(SUPPLIED DATA):
________________________
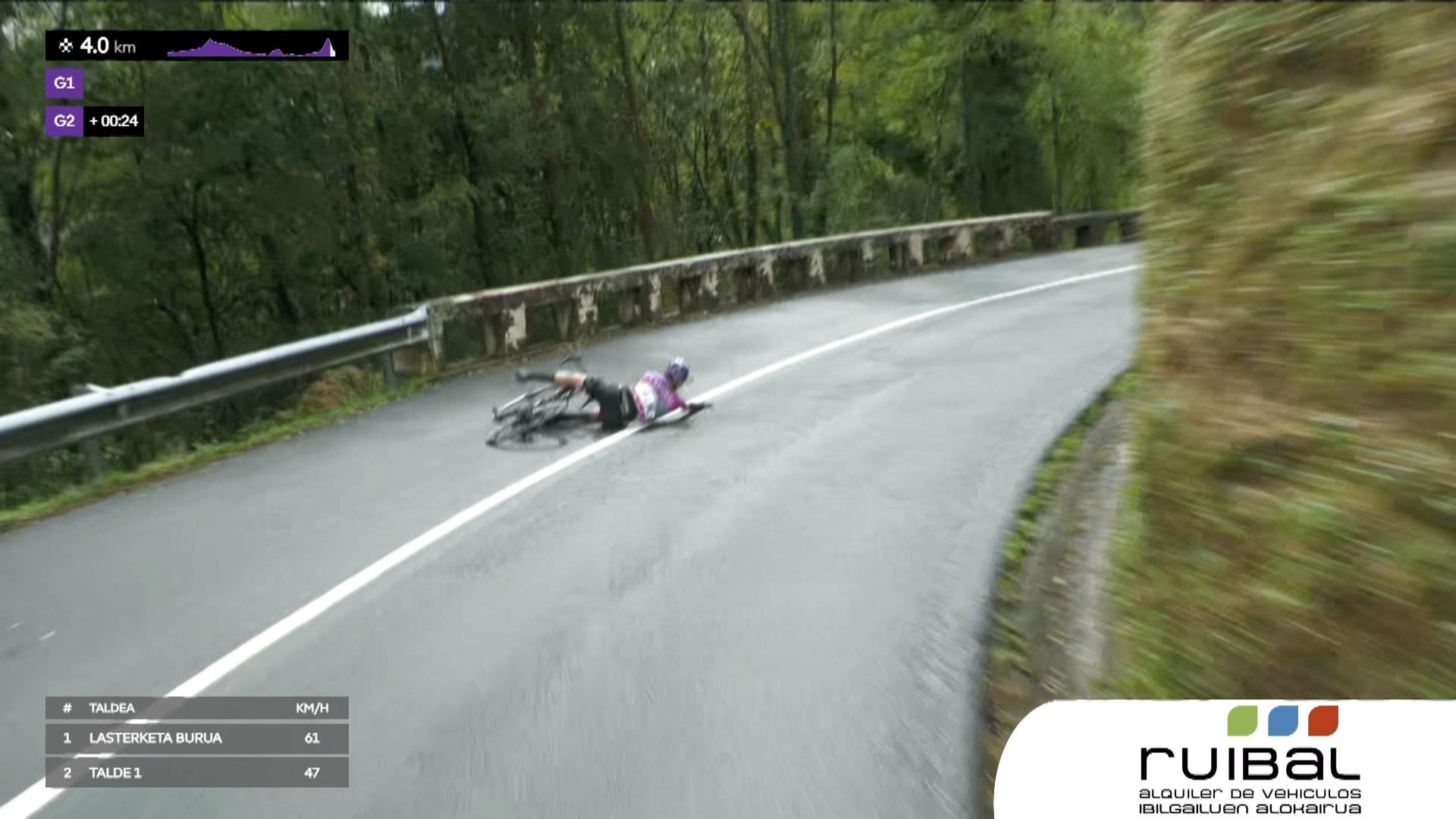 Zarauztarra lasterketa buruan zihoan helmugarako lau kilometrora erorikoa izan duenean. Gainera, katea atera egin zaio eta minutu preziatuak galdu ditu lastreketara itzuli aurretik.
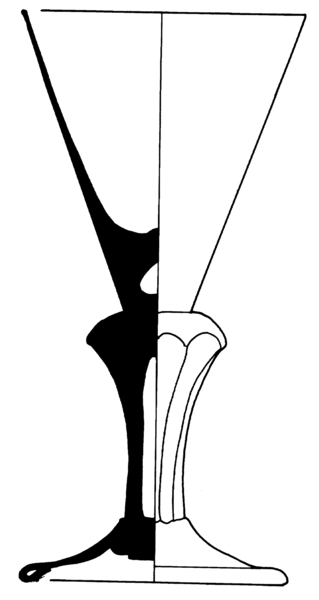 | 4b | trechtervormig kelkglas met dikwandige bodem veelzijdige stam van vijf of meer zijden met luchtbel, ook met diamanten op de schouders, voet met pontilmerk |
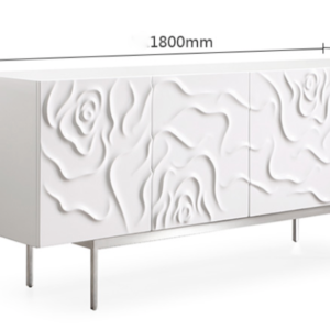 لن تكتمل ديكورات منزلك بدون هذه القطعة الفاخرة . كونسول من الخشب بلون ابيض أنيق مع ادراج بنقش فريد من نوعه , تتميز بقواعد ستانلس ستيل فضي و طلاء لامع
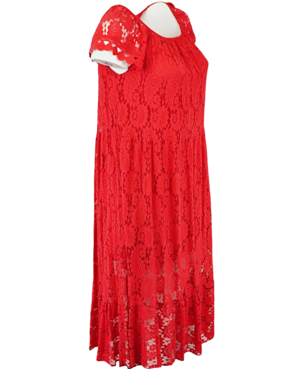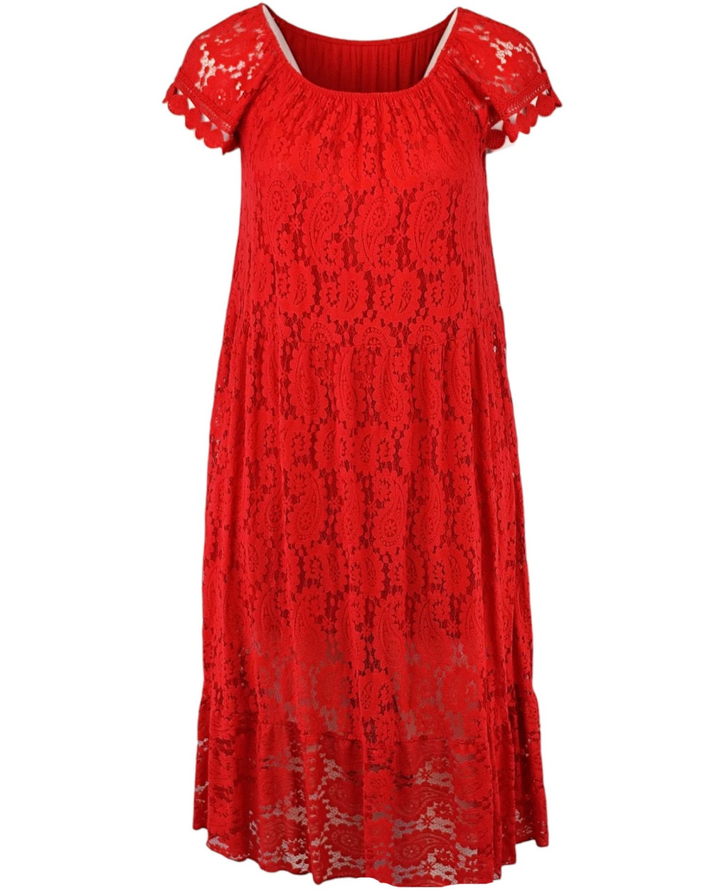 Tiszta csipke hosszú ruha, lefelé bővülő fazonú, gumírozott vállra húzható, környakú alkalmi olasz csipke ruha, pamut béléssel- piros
________________________
(YOUR INSTRUCTIONS): Write out each line again, exactly as it appears above, except for any picture.

(ANSWER TO THE PROBLEM):
 Zarauztarra lasterketa buruan zihoan helmugarako lau kilometrora erorikoa izan duenean. Gainera, katea atera egin zaio eta minutu preziatuak galdu ditu lastreketara itzuli aurretik.
 | 4b | trechtervormig kelkglas met dikwandige bodem veelzijdige stam van vijf of meer zijden met luchtbel, ook met diamanten op de schouders, voet met pontilmerk |
 لن تكتمل ديكورات منزلك بدون هذه القطعة الفاخرة . كونسول من الخشب بلون ابيض أنيق مع ادراج بنقش فريد من نوعه , تتميز بقواعد ستانلس ستيل فضي و طلاء لامع
 Tiszta csipke hosszú ruha, lefelé bővülő fazonú, gumírozott vállra húzható, környakú alkalmi olasz csipke ruha, pamut béléssel- piros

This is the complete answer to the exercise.